Try it:
When you reach the line containing "Очень мягкое, сочное, в" in the records below, start copying exactly, and stop once you have copied the line containing "MOOSEE lampa ścienna".

Given data:
○ ○ ○

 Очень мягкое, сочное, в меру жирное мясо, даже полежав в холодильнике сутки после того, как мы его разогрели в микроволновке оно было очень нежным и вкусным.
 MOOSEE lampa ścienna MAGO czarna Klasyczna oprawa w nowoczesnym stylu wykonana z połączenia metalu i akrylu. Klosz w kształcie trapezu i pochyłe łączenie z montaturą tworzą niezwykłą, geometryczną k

○ ○ ○

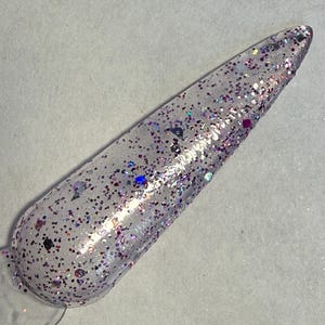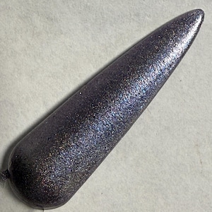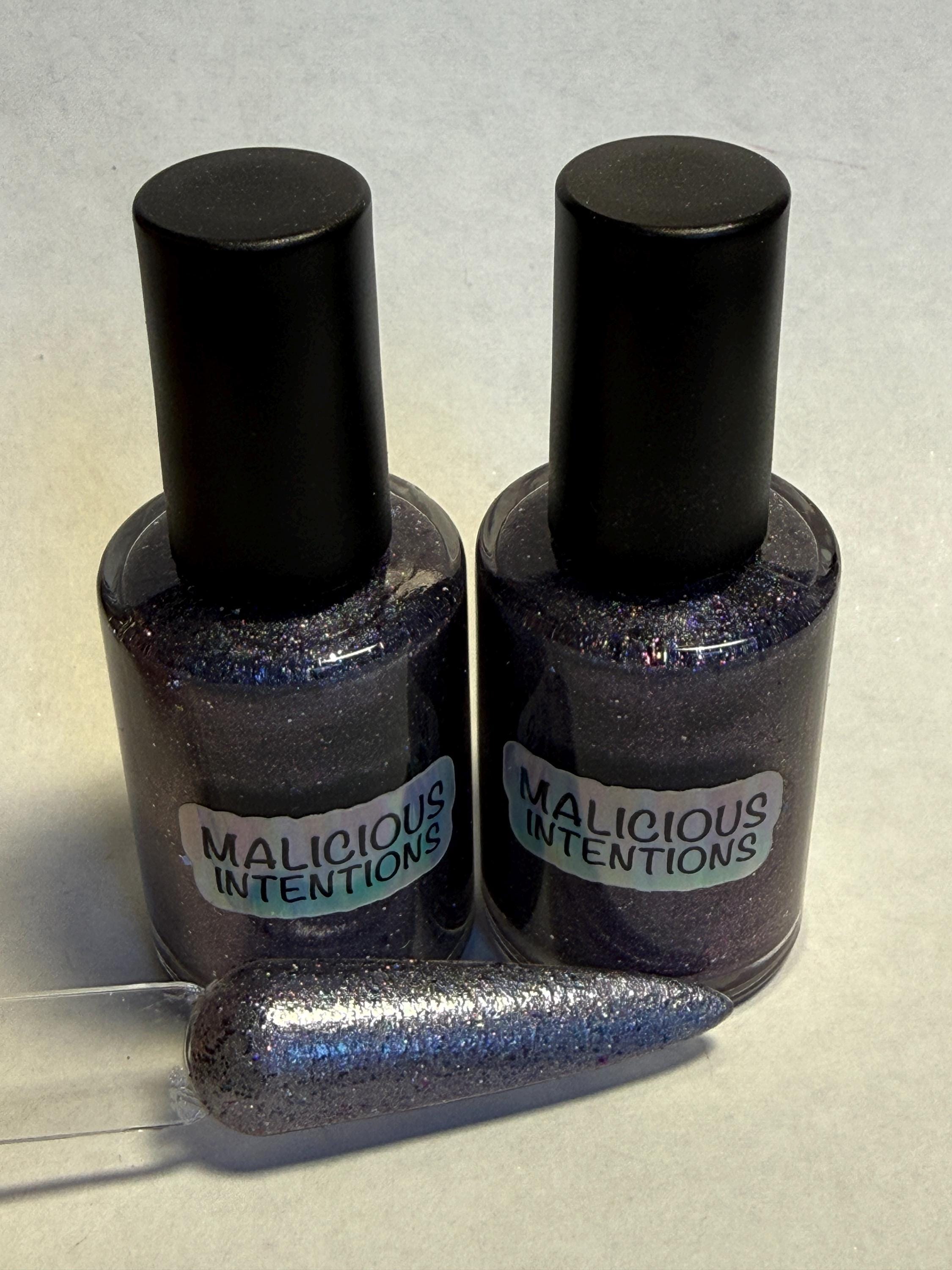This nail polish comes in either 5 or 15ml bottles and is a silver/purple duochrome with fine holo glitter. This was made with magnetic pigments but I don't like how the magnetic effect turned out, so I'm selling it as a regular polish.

○ ○ ○

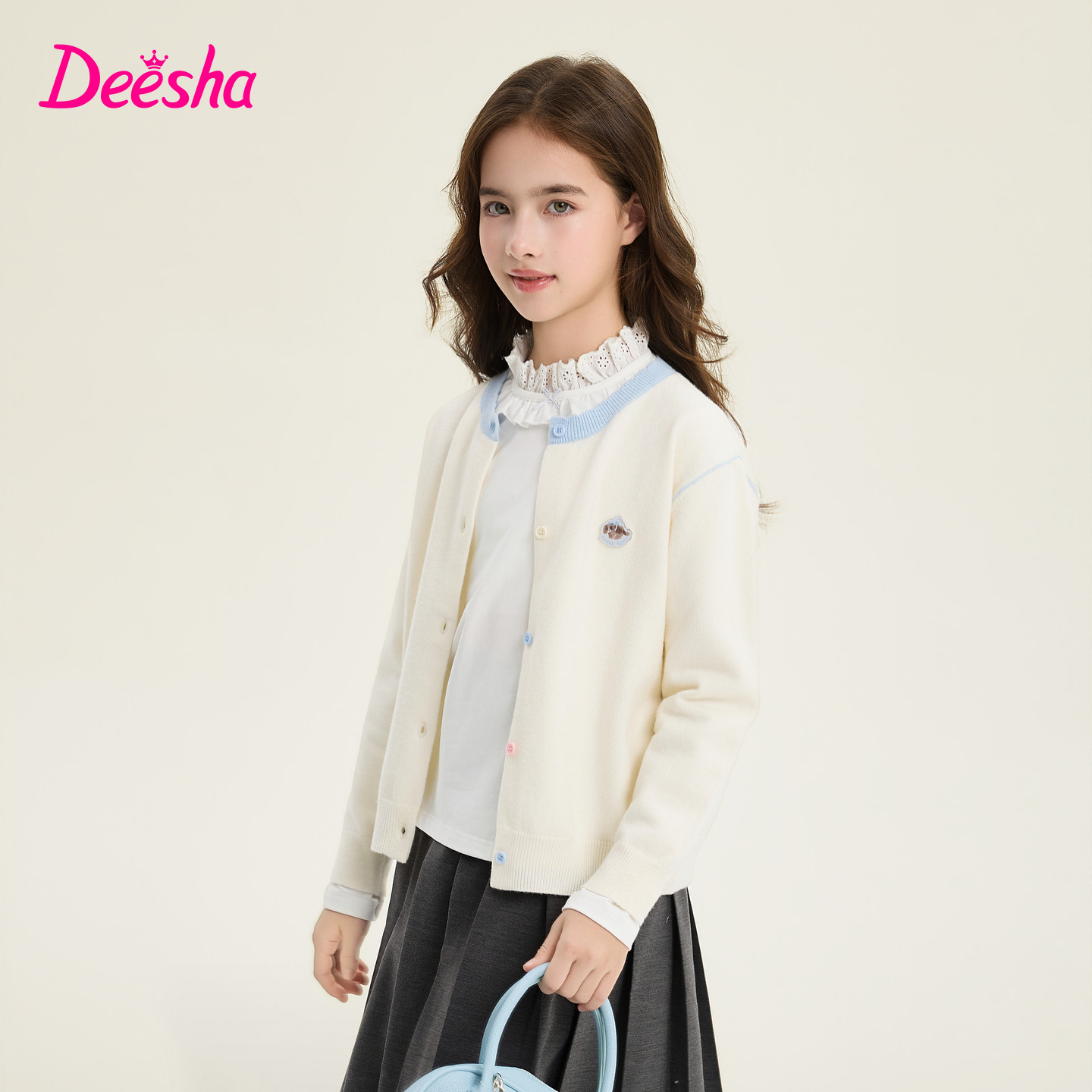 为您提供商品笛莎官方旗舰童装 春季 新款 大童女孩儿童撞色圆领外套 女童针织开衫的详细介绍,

○ ○ ○

Exercise response:
 Очень мягкое, сочное, в меру жирное мясо, даже полежав в холодильнике сутки после того, как мы его разогрели в микроволновке оно было очень нежным и вкусным.
 MOOSEE lampa ścienna MAGO czarna Klasyczna oprawa w nowoczesnym stylu wykonana z połączenia metalu i akrylu. Klosz w kształcie trapezu i pochyłe łączenie z montaturą tworzą niezwykłą, geometryczną k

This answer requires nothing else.